### Recorded data ###

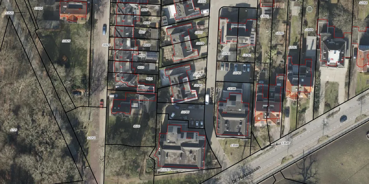 Het perceel waarop Bellevue 25 staat heeft een oppervlakte van 283 m². Dit is een middelgroot perceel. De perceeloppervlakte wordt geregistreerd door het Kadaster. Gedetailleerde informatie over de maten van dit perceel kunt u vinden in het rapport Kadastrale kaart met maatvoering van Bellevue 25.
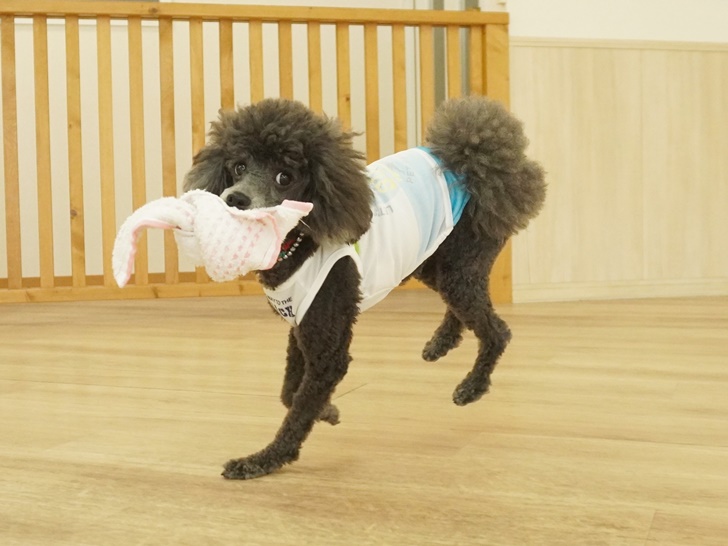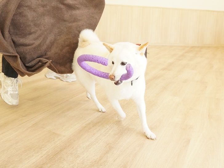 タオルを転がすと同時に「まてぇ~い!!」とスライディングして、タオルをGETしていましたよ(*^▽^*)
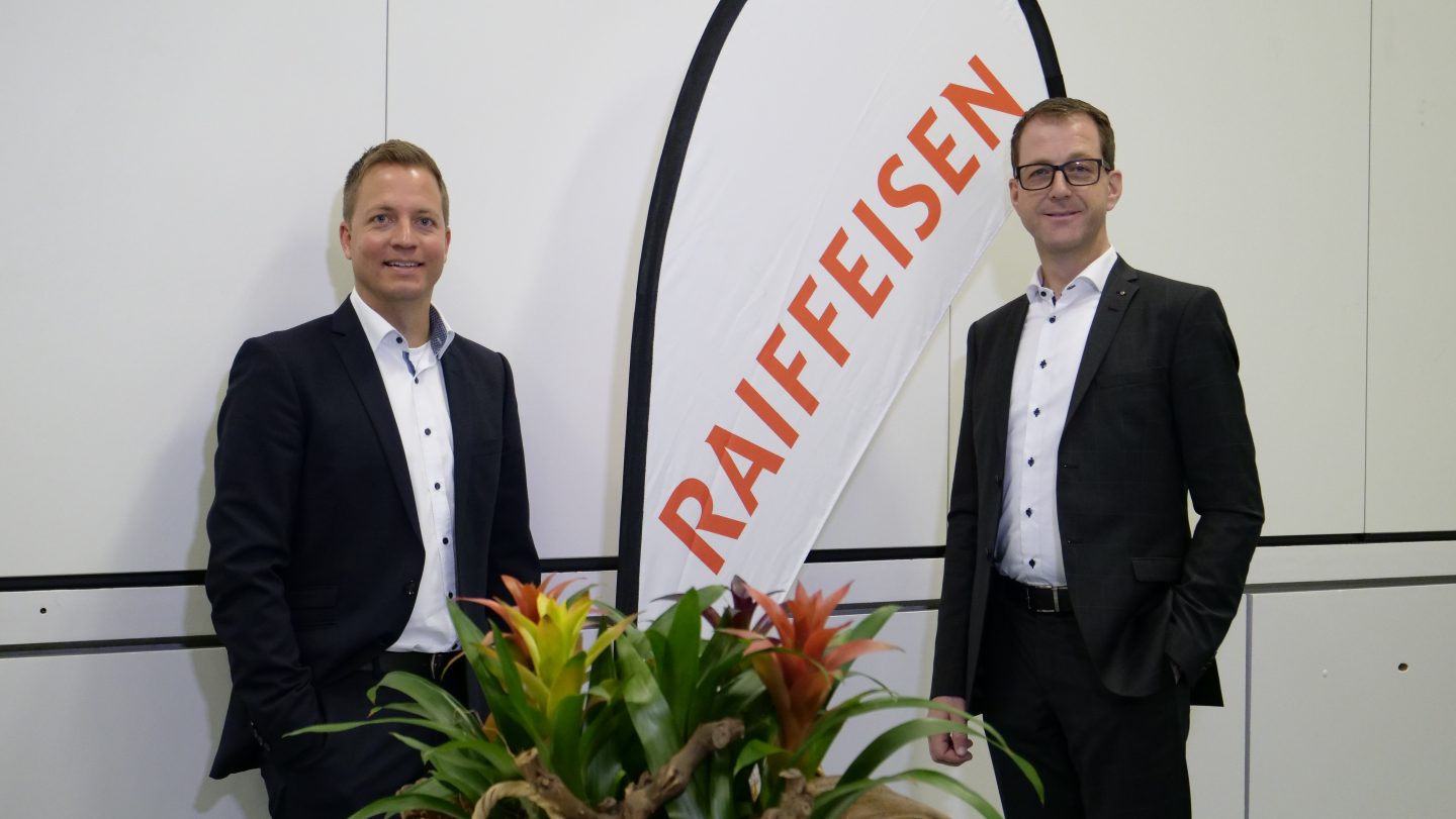 v.l.n.r.: Reto Hübscher (Vorsitzender der Bankleitung Raiffeisenbank Merenschwand-Obfelden), Kilian Rosenberg (Verwaltungsratspräsident der Raiffeisenbank am Lindenberg)

###

The output must match, line for line, the span from the line containing "タオルを転がすと同時に「まて" through the end of the data, with the pictures removed.

 タオルを転がすと同時に「まてぇ~い!!」とスライディングして、タオルをGETしていましたよ(*^▽^*)
 v.l.n.r.: Reto Hübscher (Vorsitzender der Bankleitung Raiffeisenbank Merenschwand-Obfelden), Kilian Rosenberg (Verwaltungsratspräsident der Raiffeisenbank am Lindenberg)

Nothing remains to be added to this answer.